More changes are underway for fashion brands including Rebecca Minkoff, Kenzo, and Alexander Wang. This morning, Kenzo’s creative directors Humberto Leon and Carol Lim announced that they will combine the brand’s men’s and women’s runway shows, beginning with its Fall 2017 collection, which hits the catwalk on Sunday, January 22, at the close of the Paris men’s shows and before Couture Week begins. The creative directors also confirmed that moving forward, they’ll show Kenzo’s main collections on the runway in January and June. Their decision mimics a number of other major fashion brands, who have consolidated their collections and show dates, like Tom Ford, Vetements, Burberry, and Public School.

Rebecca Minkoff is also making changes to her Fashion Week schedule, moving her forthcoming show to Los Angeles on February 4, just days before the official start of New York Fashion Week. The designer joins Tommy Hilfiger in venturing west this season, where Tom Ford and Rachel Zoe will show Fall 2017, too. Minkoff will present yet another see now, buy now spring collection at The Grove—she staged her show on the streets of Soho back in September. She will also partner with the retail destination on various consumer experiences that will provide a “runway-to-retail experience,” reports WWD.

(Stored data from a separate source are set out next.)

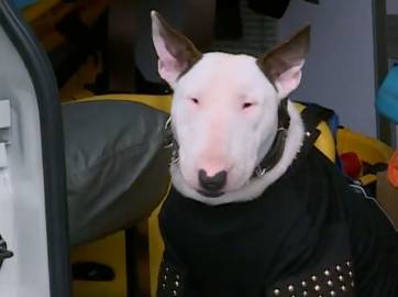还给狗穿上了军大衣和墨镜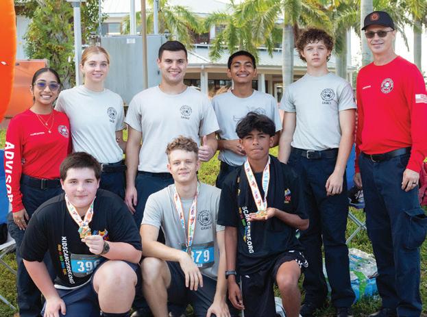 (Left to right) Palm Beach County Fire-Rescue cadets: (front row) Sean Glass, Levi Velten and Efren Martinez; and (back row) Kylie Walshe, Justin Siegel, Jayden Quiroz and Everett Velten with cadet advisors Martinez and Cooper; Claudia Needle, Ashley Barone, Farah Allam, Christie Lydon, Danielle Lewinsohn, Gerard Santacruz, Emily Romano and Jillian Guerry from CycleBar Wellington; Cynthia Johnson, Stacey Wesley, Evelyn McClendon, Sharon Wood, Dr. Wanza Sermons-Lee and Harrietta Hickman of the Palm Beach County Chapter of the Charmettes Inc.; and Team PBSO finishes the 5K race.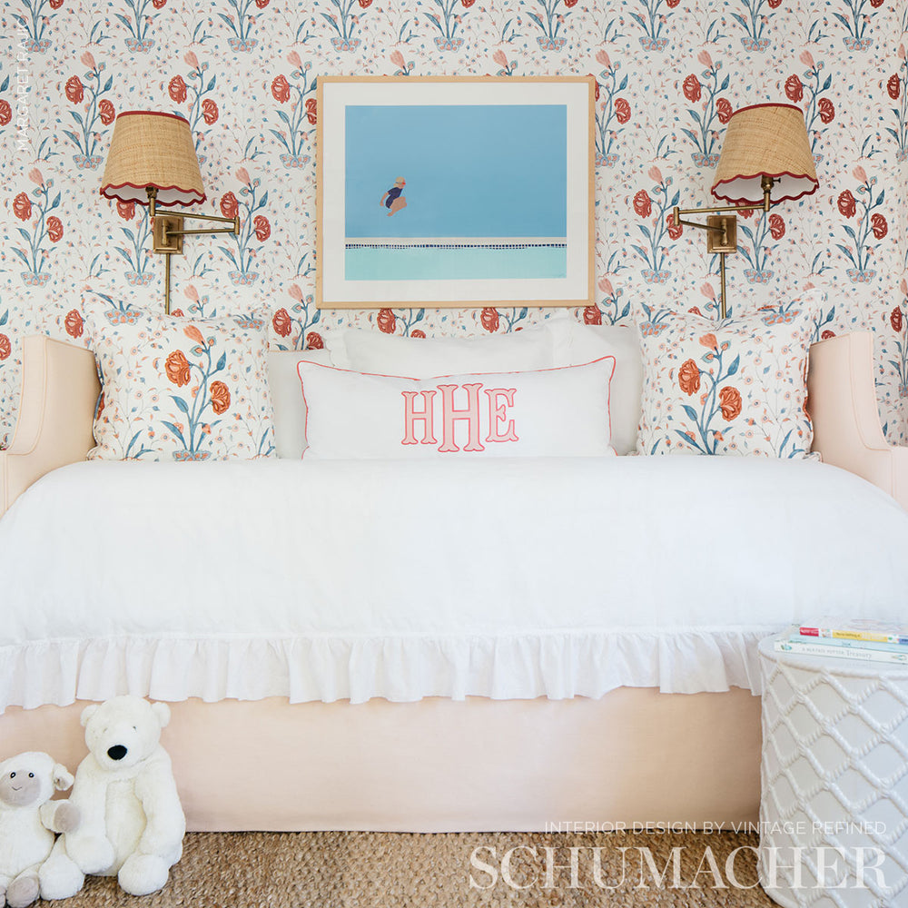 A simple, stylized floral inspired by traditional Indian motifs, this lovely, large-scale pattern has the nuanced look of a hand block print. Also available as a fabric. -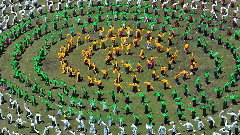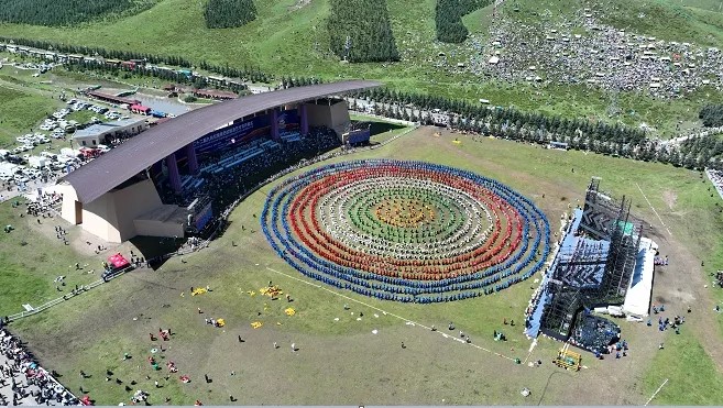 在欢快优美的乐曲声中,万人锅庄开始展演,动听的乐曲、飒爽的舞姿、五彩的服装,将甘南的生态之美、文化之美、民俗之美、和谐之美展示得淋漓尽致。圆圈形的锅庄舞表达了甘南人民在中国共产党领导下,各民族像石榴籽一样紧紧拥抱在一起,为推动甘南高质量发展,画出最大同心圆。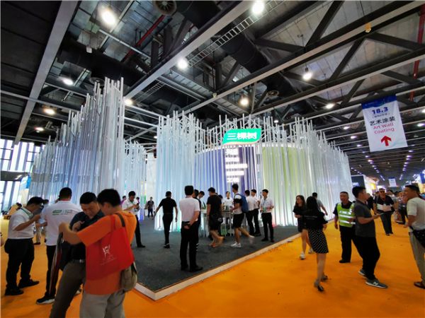2019年7月8日至7月11日,2019中国建博会暨第21届中国(广州)国际建筑装饰博览会上,位于D区保利世贸博览馆18.3-36号的三棵树500㎡巨型生态馆隆重开幕。本次展会是国内规模最大的建材行业博览会,被誉为大家居建装行业的“大年初一”,见证中国大家居建装行业五大“融合”,涵盖大家居建装行业全产业链,含定制、智能、系统、设计四大主题,核心题材几乎囊括了行业内所有一线品牌,被家居行业公认为品牌宣传、产品展示、信息交流和业务拓展的重要平台。

As far as Alexander Wang…the designer is unveiling a new menswear strategy that will consolidate his ready-to-wear and T by Alexander Wang menswear collections under one label dubbed “Alexander Wang,” effective with Fall 2017. The move is an effort to accelerate growth of the brand, of which Wang has recently become CEO in addition to creative director. The collection will range in price from $90 for a solid cut-and-sew T-shirt up to $2,500 for a shearling coat. “My goal with men’s is really to align the offering with what our customer already recognizes,” Wang told WWD. “We’ve found that men do not perceive a distinction between rtw and T by. They see the brand as one, so for us it makes sense to streamline the brand in order to grow it further and to respond to how our customer shops.”